As will appear from the foregoing, the present invention is particularly contemplated for small children, and the preferred dimensions of the system are therefore such that the modular distance, i.e. the distance between two opposed sides 4 on the stacking block 1 having one knob 2, is in the range 3 to 7 cm, and the diameter of the knobs of the stacking blocks is in the range from 2 to 5 cm. Then, owing to their size, the coupling knobs provide an extremely good gripping face for a child's hand, so that it is easy to lift a stacking block by gripping the coupling knob, although the stacking block is surrounded at the sides by other stacking blocks or the like.

It is clear that numerous different embodiments of stacking block systems according to the invention may be provided, without departing from the idea of the invention. Thus, the coupling knobs may be shaped in many different ways, thereby also providing guide faces on the surface of the coupling knobs which facilitats coupling of the blocks. In addition, the coupling knobs and the tubular flanges of complementary shape may be arranged in a pattern other than the shown one, such as a triangular pattern, without departing from the basic idea of the invention.

Claims

1. A stacking block system comprising:

a plurality of blocks, each of said blocks having a top face and a plurality of side walls extending downwardly therefrom, said blocks including a single-knobbed block having a single coupling knob extending upwardly from said top face, said blocks including a multiple-knobbed block having a plurality of coupling knobs extending upwardly from said top face; each coupling knob having a upper part substantially spherical in shape and a lower part substantially cylindrical in shape; and said single-knobbed blocks each having at least one complementary tubular coupling means for coupling with a coupling knob on another block, said at least one complementary tubular coupling means extending downwardly from said top face and extending beyond said side walls;

and wherein said coupling knobs and said blocks are dimensioned and arranged such that when a single-knobbed block is coupled with a coupling knob on a multiple-knobbed block said single-knobbed block is free to rotate fully about an axis through said coupling knob;

and wherein said coupling knobs are arranged in a uniform pattern on multiple-knobbed blocks.

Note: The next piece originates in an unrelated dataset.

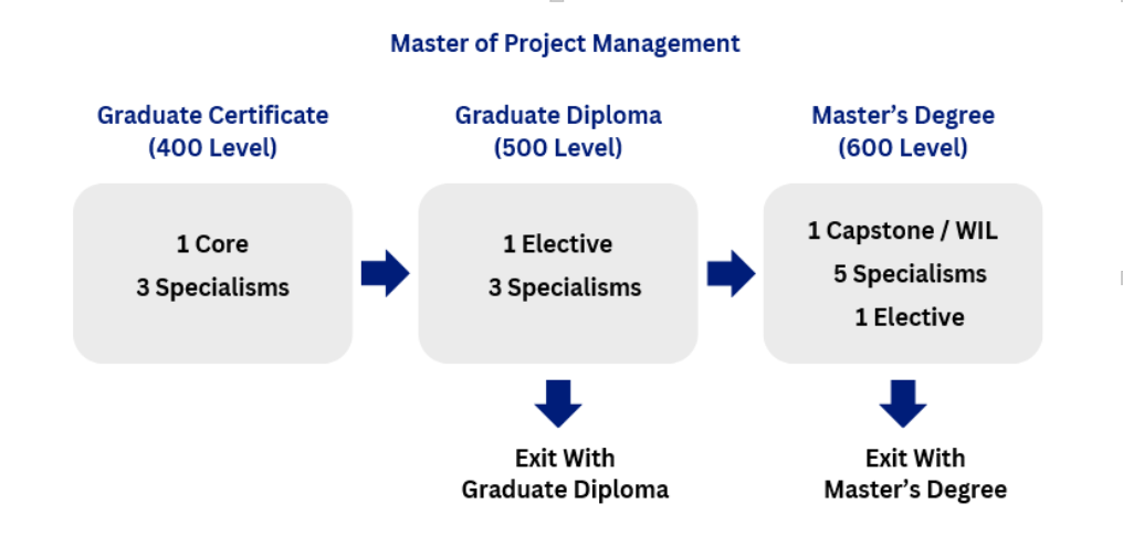 ASA's Master of Project Management, commences with four (4) units, one (1) core and three (3) specialism units at the 400 level which compromises the nested Graduate Certificate exit qualification.

2. A stacking block system according to claim 1, wherein the distance between adjacent coupling knobs on a multiple-knobbed block is a constant.

3. A stacking block system according to claim 1, wherein stiffening ribs (7) are provided between said side walls and said complementary tubular coupling means.

4. A stacking block system according to claim 1, wherein said coupling knobs (2, 9, 10, 14) have a diameter which is larger than 2 cm and smaller than 5 cm.